Platform Operations: Manage virtualisation platforms including VMware vSphere and Hyper-V, encompassing capacity monitoring, performance optimisation, and lifecycle management. Administer AWS Cloud services including EC2, ECS, S3, RDS (PostgreSQL and MS SQL), Docker/Kubernetes, Lambda, CloudFormation, CloudWatch, IAM, and VPC configurations alongside physical server infrastructure.
Network and System Administration: Demonstrate proficiency with local networking technologies including TCP/IP, DNS, DHCP, VPN configurations, and routing protocols. Execute comprehensive platform patching strategies leveraging automation to maintain security and stability whilst minimising service disruption.
Business Continuity: Maintain backup, disaster recovery, and high availability solutions for critical platform components including AWS Fault Injection Simulator (FIS) testing and multi-availability zone configurations. Support containerisation initiatives and maintain container orchestration platforms for traditional workloads.
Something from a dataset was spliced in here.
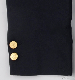 ▲內襯是一整天色彩繽紛的聯邦軍標誌花紋。刻上相同標誌的金鈕扣,在中央有3個,兩隻袖口各有2個。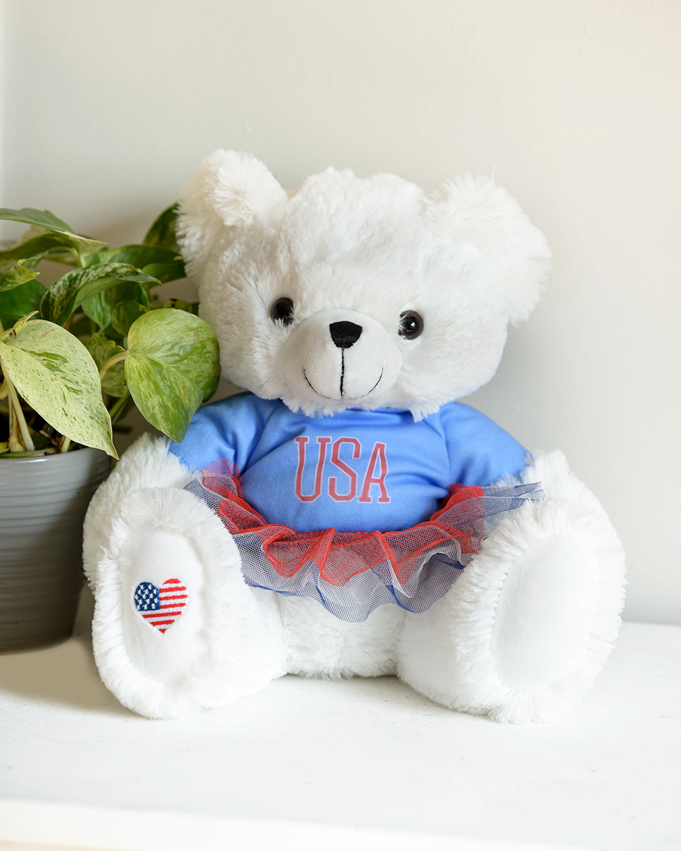 The USA Bear Kit includes an adorable 13" stuffed bear and an easy-to-use heart-shaped recorder. The bear is perfect to cuddle, made with a soft fleece-like material with poly fiber stuffing and a velcro closure in the back where the recorded heartbeat or message is secured.

Collaboration and Documentation: Collaborate effectively with application teams to support platform stability, performance, and scalability requirements. Create and maintain comprehensive platform documentation, operational runbooks, and standard operating procedures. Support team development through knowledge sharing and
mentoring on platform operations and modern infrastructure practices.
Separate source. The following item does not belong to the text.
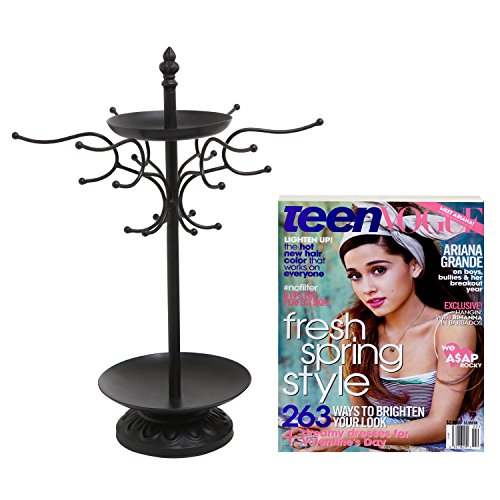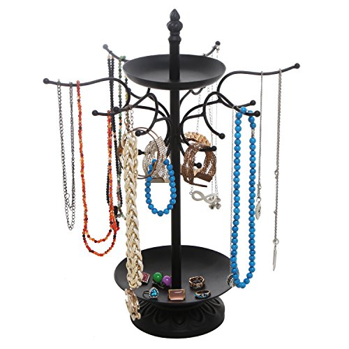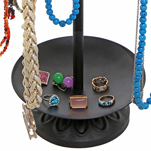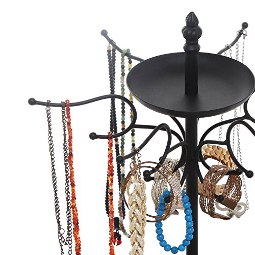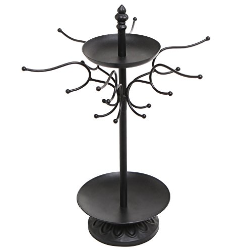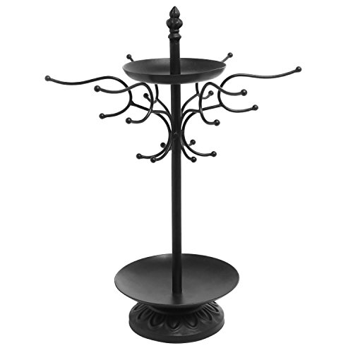 17 Inch Decorative Black Metal 18 Hook Dresser-Top Jewelry Hanger Organizer Rack w/ 2 Round Ring Trays

EXPERIENCE AND SKILLS REQUIRED
Technical Expertise:
Advanced experience with enterprise virtualisation platforms (VMware vSphere, Hyper-V)
Proficiency in Linux and Windows Server administration
Expertise in server monitoring tool installation and regular patching of virtual and physical servers
Comprehensive health check capabilities for servers, storage, and virtualisation platforms
Strong experience with infrastructure automation tools (Ansible, Puppet, Chef)
Proficiency with container technologies (ECS, Docker, Kubernetes)
Experience with monitoring and observability platforms
Infrastructure as Code expertise (Terraform, AWS CloudFormation, Ansible)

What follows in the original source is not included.